ROC curve and AUC of internal validation of each model in different sets.

Under the time window model of “Key Indicator Set 1–4”, the performance results of each machine learning method are still above 63%, and the accuracy, recall, and precision rate of Random Forest are all the best. Although the effect of different indicators fluctuated slightly, in general, the prediction effect decreased with the decrease of the number of key indicators (Fig. 4).

According to the model AUC value, all models are higher than 0.63 under different time window parameter Settings, among which Random Forest performed the best, followed by XGBoost, Adaboost, and Decision Tree. With the decrease of the amount of key index data, the prediction effect has a certain tendency to decrease, but it is not obvious, which does not affect the application requirements of the dynamic real-time time window prediction model for trauma-related sepsis, which is in line with clinical practice, and proves the generalization ability of the time window prediction model for trauma-related sepsis (Fig. 5).

Fig. 5.
figure 5

AUC comparison of internal validation among models in the key indicator set.

3.3 Risk Score

In this study, the two indexes with the highest weighted sum of feature importance, blood biochemical and blood routine, are selected to construct a risk scoring tool. Creatinine is taken as a constant reference index, and the results are as follows (Table 5).

Table 5. Trauma-related sepsis risk scoring tool

Taking a wounded patient as an example, the sum of all index scores is 8, so the probability of the patient suffering from sepsis at that moment is 91.58% (Table 6).

Table 6. Comparison table of the total score and risk prediction probability of trauma-related sepsis

Input the time series data of trauma patients into the risk scoring model can get the change of the risk probability of the trauma patients suffering from sepsis, which reflects the increase in the severity of trauma-related infection over time. Taking a certain trauma patient as an example, the data from 4 h before to 24 h after the treatment of antibiotics showed that the patient's condition improved after the treatment of antibiotics, but only lasted for a while. The subsequent changes in the patient's condition are not detected in time, leading to a rapid increase in the possibility of the patient suffering from sepsis (Table 7, Fig. 6).

Table 7. Changes of risk scores and risk probability in a period of A trauma patient
Fig. 6.
figure 6

Changes of risk scores in a period of one trauma patient.

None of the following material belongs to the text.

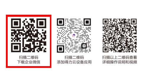 • 蓝牙配网:使用企业微信扫描“得力云设备应用”二维码并添加,按照页面提示进行配网,并绑定设备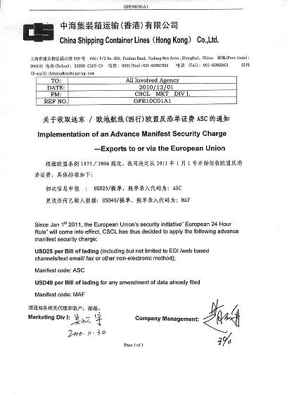 关于收取欧地航线ASC的通知

The AUC value of the trauma-related sepsis risk scoring tool is 0.79, which proved that the model has a certain generalization ability and can meet the clinical needs.

4 Conclusion

Sepsis is one of the main causes of death in patients with trauma-related infection in clinical practice. The onset of sepsis is serious and develops rapidly. Once diagnosed, a large amount of time for diagnosis and treatment has been lost, and it is difficult to control the development of sepsis. At the same time, due to the particularity of sepsis, the diagnosis process is complicated and needs a long time, which leads to the delay in the judgment of trauma-related sepsis by medical staff. Therefore, this study realizes the trauma-related sepsis predict warning, as well as the risk score. The model has good generalization ability, and can basically meet the clinical practical application, could help doctors perceive ahead of trauma-related sepsis in patients development trend and extent, thus early medical intervention on the patients, Controlling the development of sepsis will greatly improve the treatment rate of sepsis.

The next step is to validate the model in clinical trials. The diagnosis of sepsis needs to base on the changes of various indicators of patients over some time, so the data obtained in this study is limited, and the conditions of sepsis patients are diverse. As the limited data cannot accurately display all the clinical manifestations of sepsis, the model obtained in this study cannot achieve higher performance. More effective and real clinical data can optimize and improve the model.